A Turquia demitiu nesta terça-feira (22) mais 15 mil servidores públicos, de soldados e policiais a fiscais da Receita e parteiras, e fechou 375 instituições e veículos de mídia, aprofundando os expurgos realizados após uma tentativa fracassada de golpe de Estado.

As dispensas mais recentes, anunciadas em dois decretos, elevam para mais de 125 mil o número de pessoas demitidas ou suspensas nas Forças Armadas, no funcionalismo público, no Judiciário e em outros setores desde o golpe fracassado de julho. Cerca de 36 mil estão presas e aguardam julgamento.

Aliados europeus vêm criticando a amplitude dos expurgos do governo do presidente turco, Tayyip Erdogan, e alguns vêm pedindo um congelamento nas negociações de filiação da Turquia à União Europeia. Uma autoridade de alto escalão da Organização das Nações Unidas (ONU) classificou as medidas como “draconianas” e “injustificadas”.

Erdogan rejeita as críticas, dizendo que a Turquia está determinada a extirpar seus inimigos em casa e no exterior, e estuda reinstituir a pena de morte no país.
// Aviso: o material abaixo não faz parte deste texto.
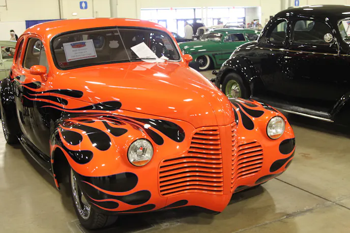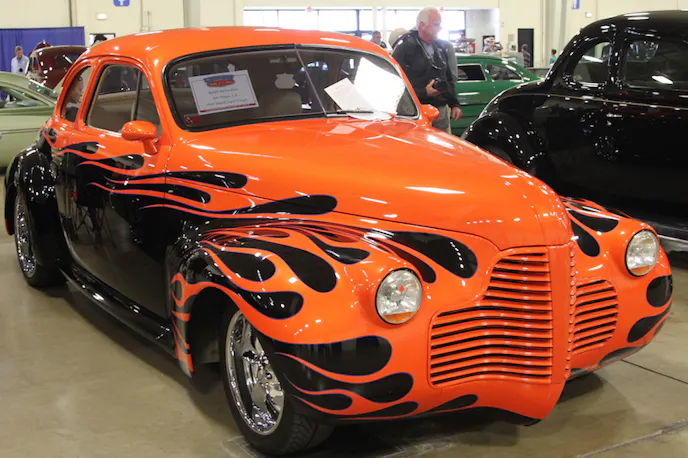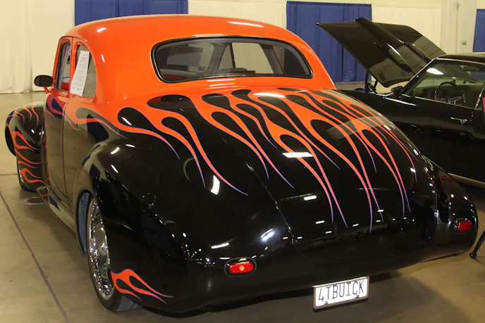 According to the car’s placard, this beauty was built by Street Toys in Muskitine, Iowa by custom car builder Mike Thieker. Featured in several magazines, and winner of several Goodguys “pick” awards, this coupe was selected as the 2009 Chicago World of Wheels Full Custom Street Rod Coupe. The car has racked up more Best in Show and Best Paint awards than we can list here.
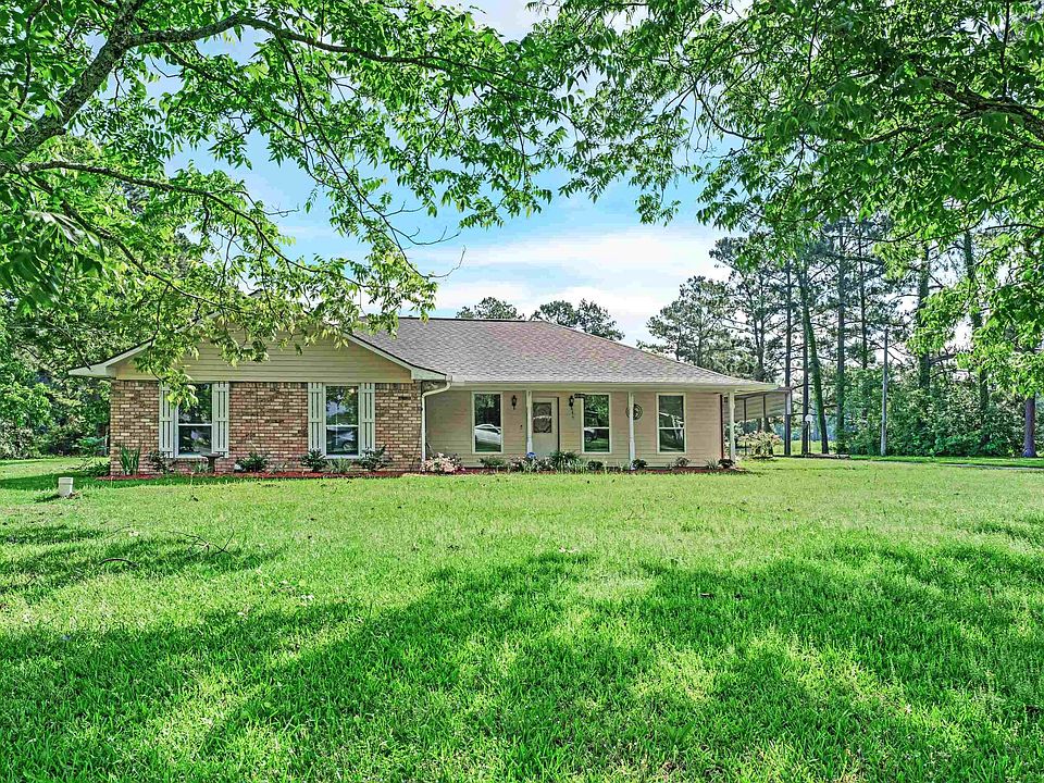 Great 4 bedroom, 2 bath home sitting on 1.62 acres and located on a quiet road. This home has a real wood burning fireplace, separate dining room, and plenty storage and parking. No Carpet! No popcorn ceilings! ALL new windows! New electrical panel. Carport 2 car and main storage shed as well as additional covered parking for 2 cars and covered RV or boat covered parking and 20 x 14 workshop. The roof is only 2.5 years old. The large backyard features plenty of producing pecan trees and backs up to a bayou. Storage main house has half bath. Beautiful rural living! If you want a quiet place with land this one is for you!

Ele acusou nações ocidentais de se alinharem a conspiradores por trás da tentativa de golpe de julho e de abrigarem terroristas.

Sem indenização
Quase 2 mil membros das Forças Armadas, 7.600 policiais e mais de 5 mil funcionários de instituições públicas, como enfermeiras, médicos e engenheiros, tiveram suas demissões anunciadas nos decretos desta terça-feira devido à suspeita de ligações com “organizações terroristas”.

Seus nomes foram listados no Diário Oficial, que deixou claro que eles não poderão requerer nenhuma indenização nem procurar emprego no serviço público. Os decretos foram emitidos mediante a lei de emergência imposta na esteira da tentativa de golpe, que permite a Erdogan e ao governo contornar o Parlamento.

Ancara culpa o clérigo Fethullah Gulen, radicado nos Estados Unidos, e sua rede de seguidores por terem orquestrado a tentativa de deposição, durante a qual mais de 240 pessoas morreram. Gulen nega envolvimento.